KAEGAN SPARKS | PH.D. PROGRAM IN ART HISTORY | EXPLORE KAEGAN’S PROJECT

Bio: Kaegan Sparks is a writer, curator, editor, and Ph.D. Candidate in Art History at The Graduate Center, CUNY, where her research centers on feminism, labor, and politics in 1970s American art. She has held or been awarded fellowships by the Smithsonian American Art Museum, the Museum of Modern Art, the Mellon Foundation, the Whitney Independent Study Program, and the New Museum of Contemporary Art, among other institutions. Her writing appears in Artforum, Art in America, Lux Magazine, Movement Research Performance Journal, Momus, and The Brooklyn Rail. In 2020 she co-founded Queens Care Collective, a mutual aid network based in Queens, New York.

Project description: My dissertation writing process has been delayed due to the closure of archives. However, the pandemic and its extended effects have helped to reframe my project’s core concerns in ways I could not have anticipated. Through a new substantial commitment to mutual aid work in my community (Queens, the epicenter of New York’s outbreak last spring), I am translating the implications of my dissertation topic—Marxist-feminist social reproduction theory—to an immediate, public context.


NATASHA TINIACOS | PH.D. IN LATIN AMERICAN, IBERIAN, AND LATINO CULTURES | CONTACT: NTINIACO@GRADCENTER.CUNY.EDU | EXPLORE NATASHA’S PROJECT

Bio: Natasha Tiniacos is a poet, educator, and researcher pursuing a Ph.D. in Latin American, Iberian, and Latino Cultures at The Graduate Center, CUNY. Her research interests are Latin American queer disabilities, poetics, post-humanism and sound studies. She has an MA in Spanish (USC) and an MFA in Creative Writing in Spanish (NYU). She teaches advanced Spanish writing in the in Bronx Community College, and Hostos, and also conducts a poetry workshop in Spanish for seniors of the Washington Heights community. She is the author of the poetry books Mujer a fuego lento, and Historia privada de un etcétera.

Project description: A Spanish composition instructor reflects on the moment the pandemic started at the Bronx Community College, CUNY, describes their experience with a sudden transition to online instruction, and shares a writing prompt for students.


OLIVIA WOOD | PH.D. PROGRAM IN ENGLISH | CONTACT: OLIVIA-A-WOOD.COM OR TWITTER @BI_RHETORICS | EXPLORE OLIVIA’S PROJECT

Bio: Olivia is a third-year Ph.D. Student in English at The Graduate Center, CUNY. She teaches freshman composition at the John Jay College of Criminal Justice and works as a digital pedagogy fellow for the OpenLab at City Tech.

Project description: Since Fall 2017, the third semester of my master’s program, I’ve been tracking my work hours each week. I am submitting charts with contextualizing information on how the pandemic affected my work, based on my records. While everybody has a feel for how their work has been impacted by the pandemic, my ongoing data tracking means I have a quantifiable picture of some aspects of my pandemic experience.
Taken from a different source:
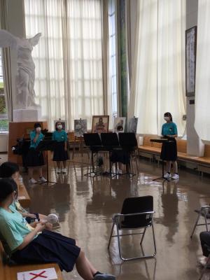 8月20日から補習が始まり、また28日の辰巳祭に向けて登校は始まっていましたが、本日31日、新たな学期がスタートしました。朝の特別清掃の後、リモートで表彰伝達式(ライフル射撃部、陸上競技部、合唱部)・始業式を実施しました。各学年とも2学期には様々な行事が予定されているので、感染対策に十分配慮しながらそれぞれの活動を通し、実りのある2学期としてほしいと校長先生からお話がありました。また、保健環境課の松生先生の説明により感染症拡大防止の留意点を再確認しました。
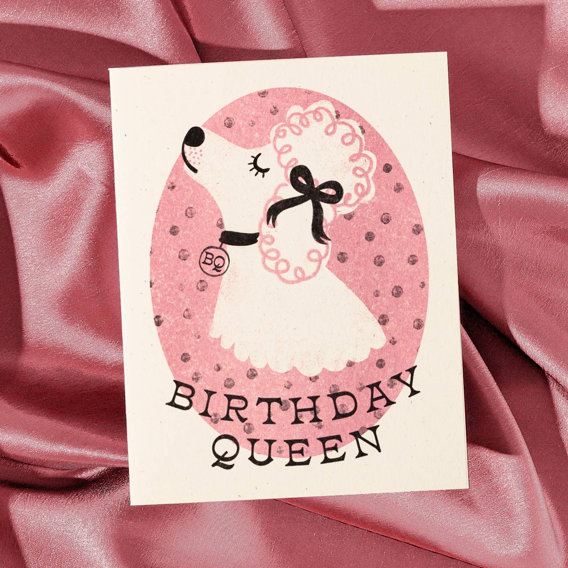 A prissy poodle is gussied up for her birthday! She's a queen! Risograph printed in light mauve and black.

MIRIAM WOODRUFF | PH.D. PROGRAM IN CLINICAL PSYCHOLOGY | CONTACT: MWOODRUFF@JJAY.CUNY.EDU | EXPLORE MIRIAM’S PROJECT

Bio: Miriam Woodruff is a student in the Clinical Psychology Ph.D. Program at The Graduate Center, CUNY. She works as a researcher at John Jay, a lecturer at City College teaching in the psychology department, and a psychology extern at the Baruch College Counseling Center. Miriam’s current research focuses on how school-based mental health programming improves outcomes for young people, and the impact culture and language have on the reporting and assessment of trauma. Her passion lies in using research to inform policy and system change that benefits marginalized communities.

Project description: As a doctoral student, my entire graduate career has been upended by the pandemic. My research was postponed. I failed my first exam in my entire educational career. I struggled with my mental health. I delayed graduation milestones. The common thread has been isolation and a lack of support. Distance learning was an experiment that challenged us to adapt, but the adaptation came at a cost. Some people fell through the cracks. I am calling educators to recognize the impact the pandemic has had on yourselves and your students and make our institutions more humane by implementing pandemic pedagogy.